A more recent meta-analysis was published in 2012 (after the most recent guidelines were already out).  This study included the 95,000 patients above plus >5000 additional patients and came to similar conclusions. ² 

• Aspirin significantly reduced CV events, primarily driven by a reduction in nonfatal MI, with a number needed to treat of 120
• No significant difference in CV death or cancer mortality
• A significant increase in nontrivial bleeding, with a number needed to harm of 73
• Of note, these authors recommend not to use aspirin for primary prophylaxis because its benefit largely lies only by reducing nonfatal MIs (but not CV death) and is offset by clinically important bleeding events. (NNT is greater than NNH)

Current recommendations

2012 Joint European Society of Cardiology guidelines: ³

• Aspirin or clopidogrel “cannot be recommended in individuals without cardiovascular or cerebrovascular disease due to the increased risk of major bleeding” and this included those patients who also had diabetes. 

This contrasts with the 2012 ACCP CHEST guidelines: ⁴

• Aspirin 75-100 mg is recommended daily to patients aged ≥50 years old without symptomatic CV disease.  They acknowledge the debate largely rests with the issue that the small reduction in certain endpoints may or may not be offset by the increased risk of bleeding. 

The USPSTF (is currently updating their recommendations from 2009 which) currently states: ⁵

• Aspirin is recommended for men aged 45-79 and women aged 55-79 years old
• Evidence is insufficient for men and women ≥80 years old
• Evidence is against the use of aspirin in men <45 or women <55 years old

Request for FDA approval for primary prevention

Bayer submitted a petition to the FDA to amend the labeling of aspirin to include the use of 75-325 mg for the primary prevention of a first MI in patients with a CHD risk ≥10% in 10 years or patients where a positive benefit-risk is assessed by their provider.  In 2014, this petition for this new labeling was denied by the FDA. ⁶  So the current approved indications for aspirin remain to be:

• Secondary prevention of vascular disease in those with CVA, MI, or angina
• Revascularization procedures
• Rheumatologic disease

Weighing the risk of CHD

Since atherosclerosis is not an all-or-none phenomenon and exists along a spectrum of risk, several risk stratification tools have been developed to try to quantify this risk.  A systematic review identified >1900 titles about cardiovascular risk assessment.7  The idea behind stratifying patients' cardiovascular risk is that theoretically, the higher risk patients would then be those who would benefit more from aspirin.  However, numerous studies have shown that the main risk factors for coronary disease are also the risk factors for bleeding.  For example, age, diabetes, smoking, hypertension and BMI are all associated with bleeding.1  

The following table lists three of the more commonly referenced risk stratification tools, the outcomes they look at, a note or two about them, and a link where to find them.

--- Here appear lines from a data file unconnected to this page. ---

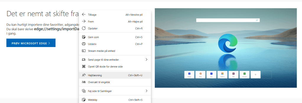 Brug browseren Edge til at få læst tekster højt. Du kan vælge mellem forskellige stemmer, sprog, køn, hastighed, naturlighed. Tryk Control+Skift+U eller højreklik og vælg Højtlæsning.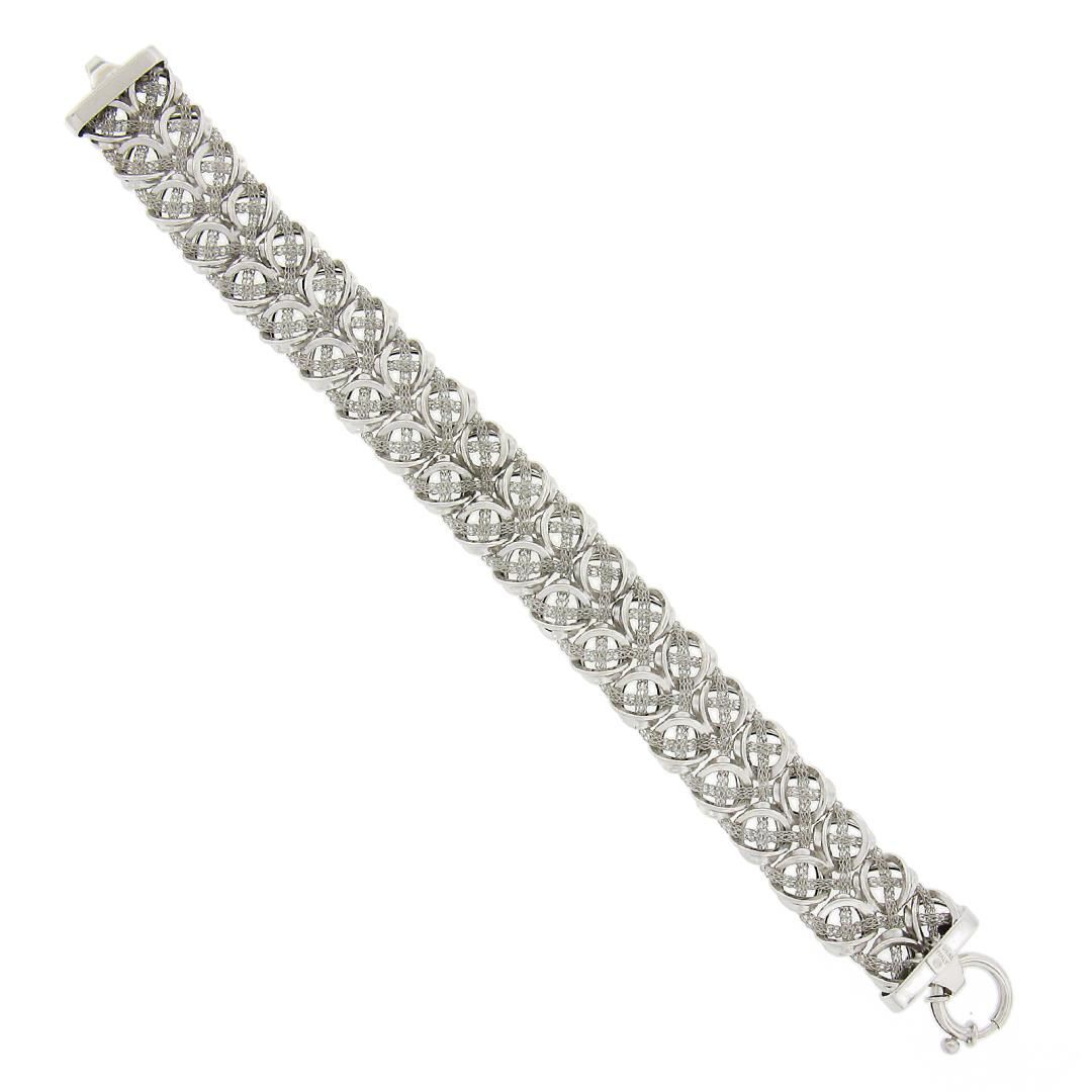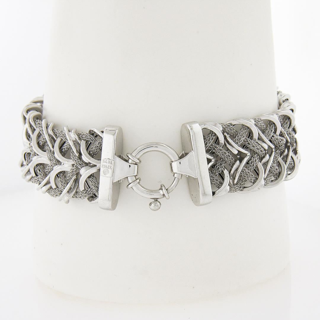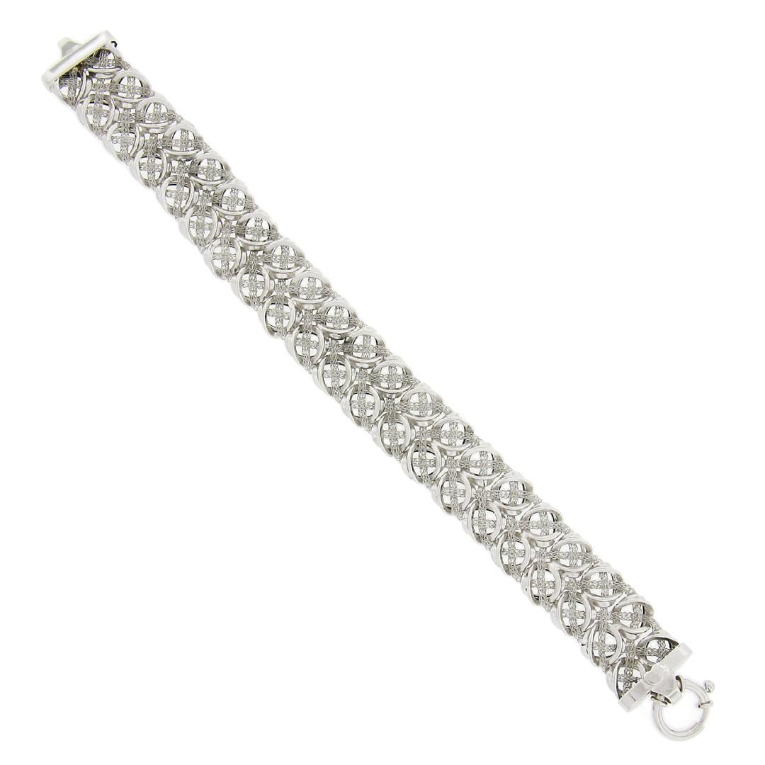 A solid 14k white gold italian wide strap bracelet. It weighs a total of 14.50 grams, measures 16.8mm wide, and measures 7.5 inches in length.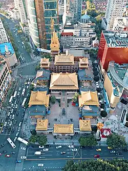 Jing'an Temple (simplified Chinese: 静安寺; traditional Chinese: 靜安寺; pinyin: Jìng'ān Sì; Shanghainese: Zin'oe Zy; lit. 'Temple of Peace and Tranquility'; historically Bubbling Well Temple) is an esoteric Tangmi Buddhist temple on West Nanjing Road (historically Nanking or Bubbling Well Road in English) in Shanghai.

Risk assessment tool	Outcome (all for 10-year risk prediction)	Note
Framingham CHD	Composite coronary event (MI + coronary death)	White population From the 1970s-80s, so may overestimate risk Available where: PDF file through this link
ACC/AHA Task Force - (Atherosclerotic Cardiovascular disease – ASCVD event)	Composite (nonfatal MI + CHD death + fatal/nonfatal stroke)	Calculator used in the 2013 cholesterol guidelines Nonhispanic blacks and whites Better than Framingham because it includes CVAs Available where: Through browser or downloadable app for the iPhone and Google Play through this link
European Society of Cardiology SCORE	Fatal atherosclerotic event	Roughly a 3x difference between ESC’s score (death only) and the two scores above that also include nonfatal events also (so 5% ESC risk is roughly 10-25% ASCVD risk depending on age and other factors) Available where: Chart of SBP vs Tchol with different charts for smokers and by gender (no chart for America) through this link

Take home points:

• Organizations have conflicting recommendations on the role of aspirin in primary prevention of CV disease
• Aspirin's benefit-risk difference is controversial and (if it exists at all) is slim either way
• As the 10-year risk of CV events increases, so does the risk of bleeding
• Do not underestimate the risk of bleeding from low dose daily aspirin in the context of primary prevention
• NNT = 120
• NNH = 73

References:

1.  Antithrombotic Trialists’ (ATT) Collaboration.  Aspirin in the primary and secondary prevention of vascular disease: collaborative meta-analysis of individual participant data from randomised trials.  Lancet  2009;373:2849-60.

2.  Seshasai SR, Wijesuriya S, Sivakumaran R, et al.  Effect of aspirin on vascular and nonvascular outcomes.  Arch Intern Med  2012;172(3):209-216.

3.  Perk J, De Backer G, Gohlke H, et al.  European Guidelines on cardiovascular disease prevention in clinical practice (version 2012).  Atherosclerosis  2012;223(1):1-68.

4.  Vandvik PO, Lincoff AM, Gore JM, et al.  Primary and secondary prevention of cardiovascular disease: Antithrombotic therapy and prevention of thrombosis, 9^th ed: American College of Chest Physicians Evidence-Based Clinical Practice Guidelines.  CHEST  2012;141(2 Suppl):e637S-68S.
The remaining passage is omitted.